Items from a dataset
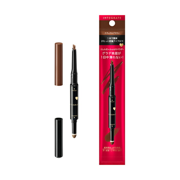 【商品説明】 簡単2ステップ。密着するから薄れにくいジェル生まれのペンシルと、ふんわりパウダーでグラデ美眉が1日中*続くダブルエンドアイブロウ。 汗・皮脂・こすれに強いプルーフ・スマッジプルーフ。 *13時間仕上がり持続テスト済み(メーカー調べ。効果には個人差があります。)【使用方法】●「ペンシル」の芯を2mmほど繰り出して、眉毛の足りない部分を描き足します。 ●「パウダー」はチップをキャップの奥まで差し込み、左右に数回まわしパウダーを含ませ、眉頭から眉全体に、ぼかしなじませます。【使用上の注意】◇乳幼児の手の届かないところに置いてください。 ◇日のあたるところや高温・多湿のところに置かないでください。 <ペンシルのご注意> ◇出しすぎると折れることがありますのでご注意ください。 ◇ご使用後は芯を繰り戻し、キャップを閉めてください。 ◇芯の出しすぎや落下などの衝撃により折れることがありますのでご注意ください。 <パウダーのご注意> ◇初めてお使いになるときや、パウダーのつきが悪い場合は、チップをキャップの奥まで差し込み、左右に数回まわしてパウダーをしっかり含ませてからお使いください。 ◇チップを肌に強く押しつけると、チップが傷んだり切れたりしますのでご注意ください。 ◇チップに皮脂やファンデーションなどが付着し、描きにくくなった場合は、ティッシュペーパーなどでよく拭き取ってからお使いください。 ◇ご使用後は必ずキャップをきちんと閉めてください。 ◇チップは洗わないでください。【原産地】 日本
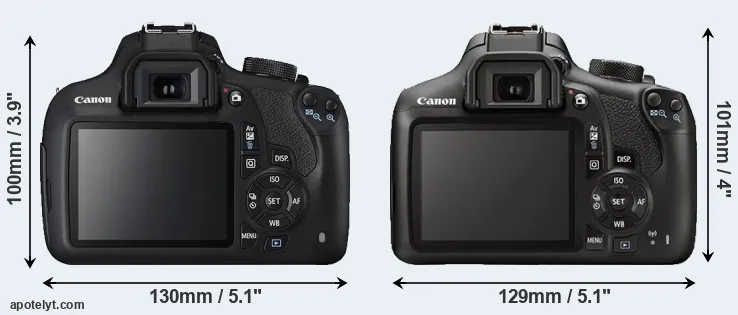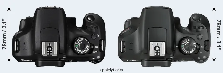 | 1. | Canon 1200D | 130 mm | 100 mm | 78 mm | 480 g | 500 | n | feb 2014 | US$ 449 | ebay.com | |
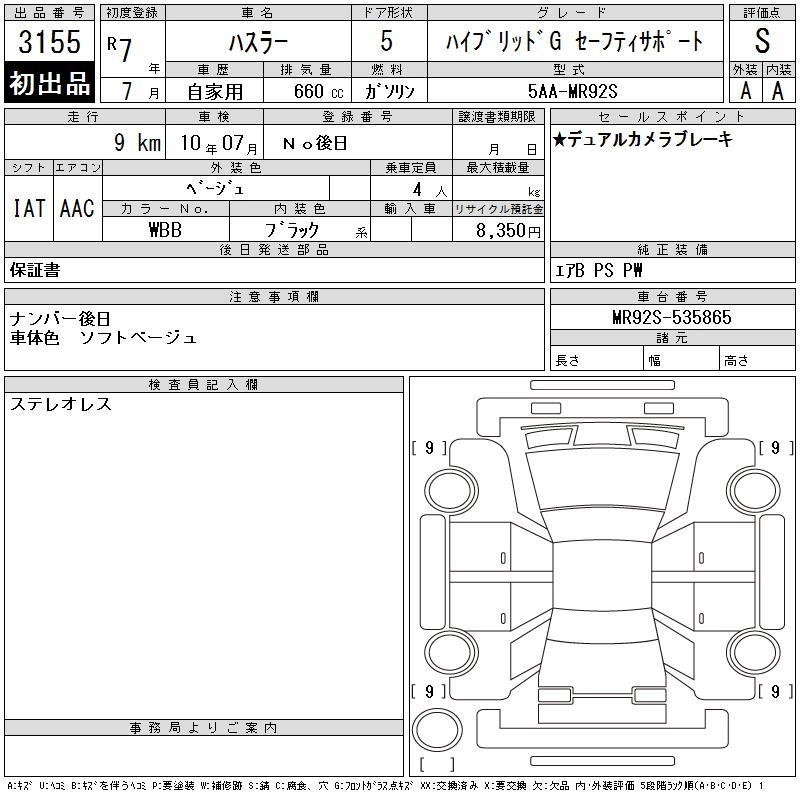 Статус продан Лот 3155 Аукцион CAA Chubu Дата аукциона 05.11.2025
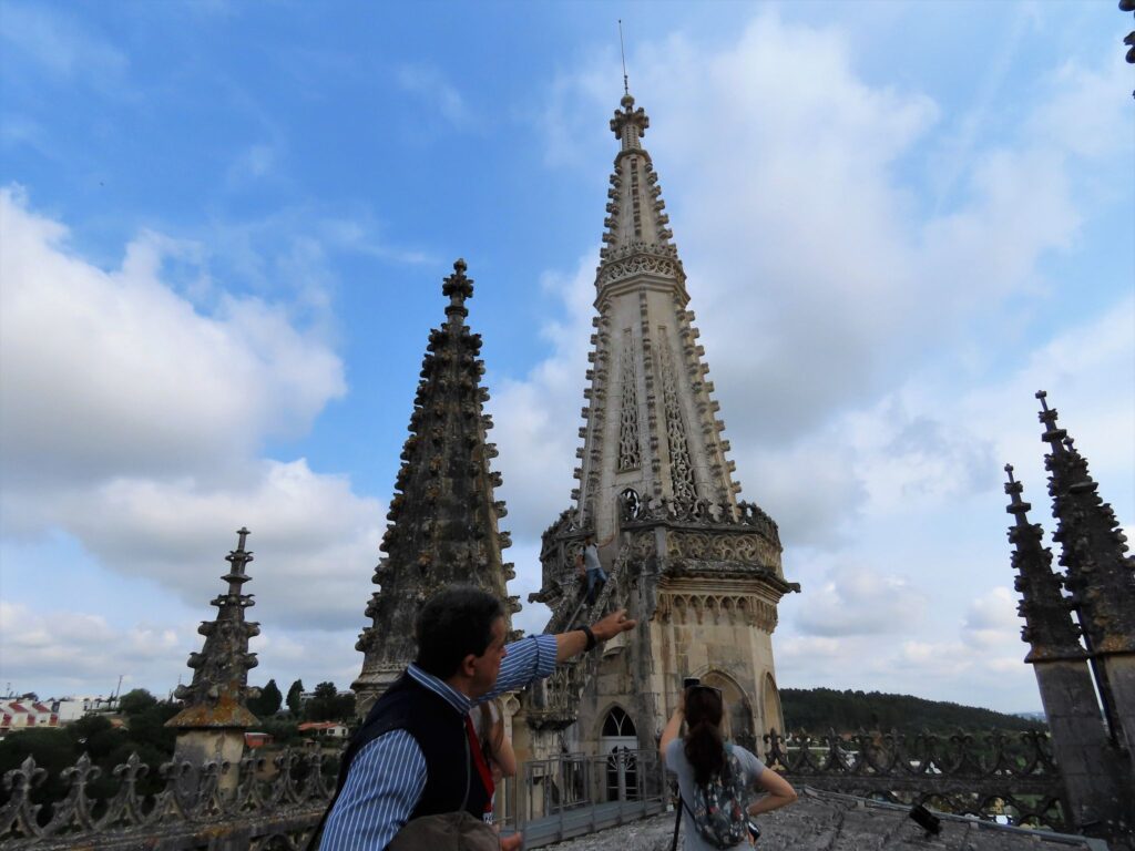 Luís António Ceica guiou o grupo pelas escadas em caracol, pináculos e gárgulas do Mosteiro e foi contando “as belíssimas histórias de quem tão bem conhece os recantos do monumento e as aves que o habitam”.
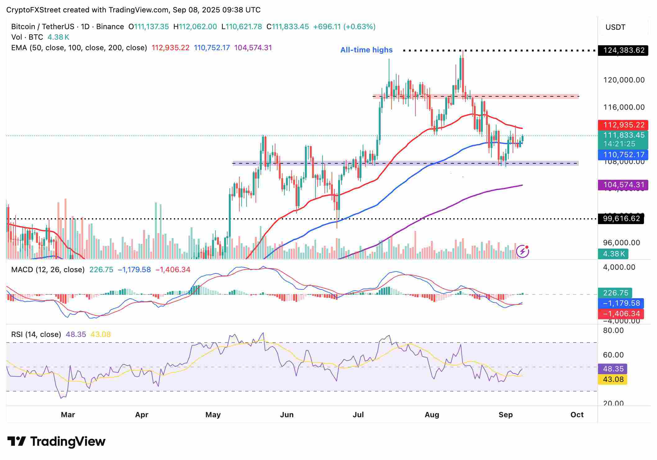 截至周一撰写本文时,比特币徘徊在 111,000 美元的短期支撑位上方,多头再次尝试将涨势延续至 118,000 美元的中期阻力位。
* * *
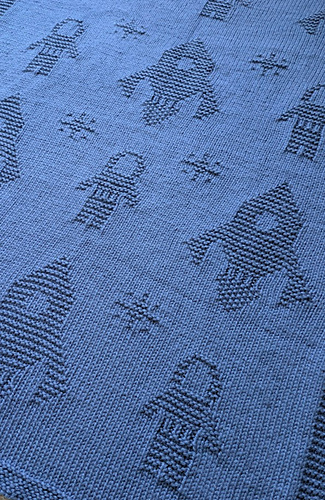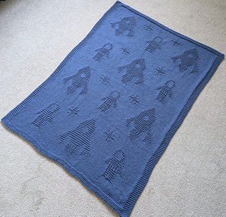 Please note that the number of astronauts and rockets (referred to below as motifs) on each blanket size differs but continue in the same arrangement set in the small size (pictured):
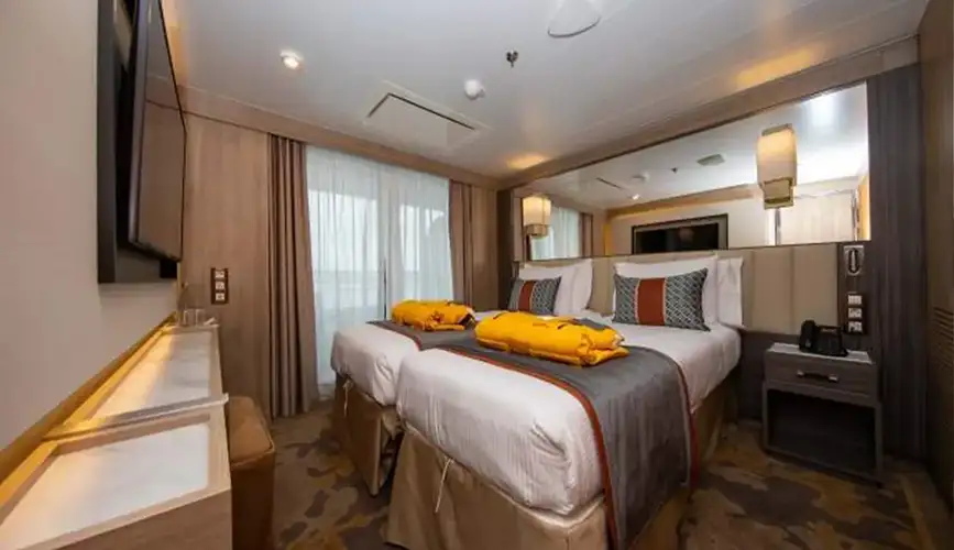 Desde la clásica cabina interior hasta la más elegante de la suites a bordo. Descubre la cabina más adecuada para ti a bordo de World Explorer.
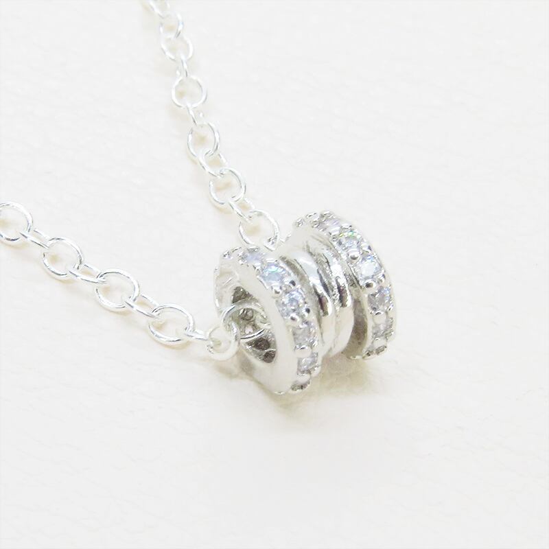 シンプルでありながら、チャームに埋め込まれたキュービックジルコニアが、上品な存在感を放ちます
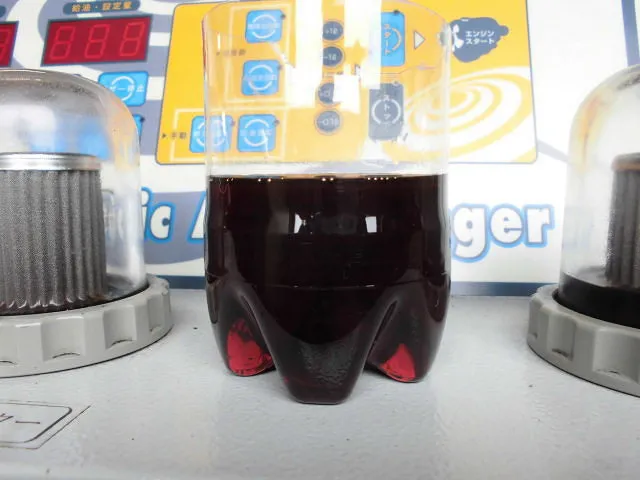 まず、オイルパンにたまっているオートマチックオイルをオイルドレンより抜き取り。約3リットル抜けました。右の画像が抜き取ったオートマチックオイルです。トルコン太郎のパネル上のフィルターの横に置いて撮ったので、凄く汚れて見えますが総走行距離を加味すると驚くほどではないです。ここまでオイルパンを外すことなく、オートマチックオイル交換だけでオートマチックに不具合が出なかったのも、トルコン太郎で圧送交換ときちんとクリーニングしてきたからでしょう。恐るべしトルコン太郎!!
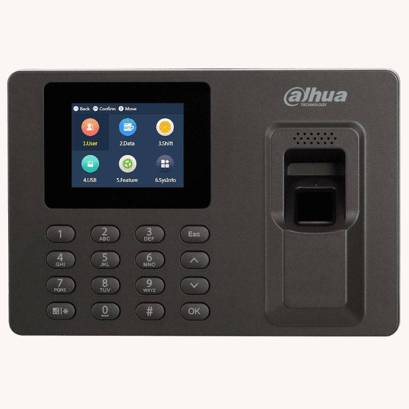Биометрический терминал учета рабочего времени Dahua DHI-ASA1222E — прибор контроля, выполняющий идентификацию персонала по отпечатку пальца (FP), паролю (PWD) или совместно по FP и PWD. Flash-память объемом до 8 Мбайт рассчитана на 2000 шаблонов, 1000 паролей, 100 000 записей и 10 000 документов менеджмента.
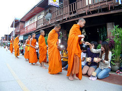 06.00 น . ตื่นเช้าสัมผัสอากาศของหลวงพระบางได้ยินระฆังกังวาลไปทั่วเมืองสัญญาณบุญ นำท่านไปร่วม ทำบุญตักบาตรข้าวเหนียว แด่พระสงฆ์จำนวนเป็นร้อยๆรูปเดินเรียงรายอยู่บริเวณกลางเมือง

TASK DESCRIPTION.
Although the records above contain pictures, the copy should not; retype exactly the lines from the one containing "ebay.com | |" through the one containing "Статус продан Лот".

OUTPUT FOR THIS EXERCISE.
 | 1. | Canon 1200D | 130 mm | 100 mm | 78 mm | 480 g | 500 | n | feb 2014 | US$ 449 | ebay.com | |
 Статус продан Лот 3155 Аукцион CAA Chubu Дата аукциона 05.11.2025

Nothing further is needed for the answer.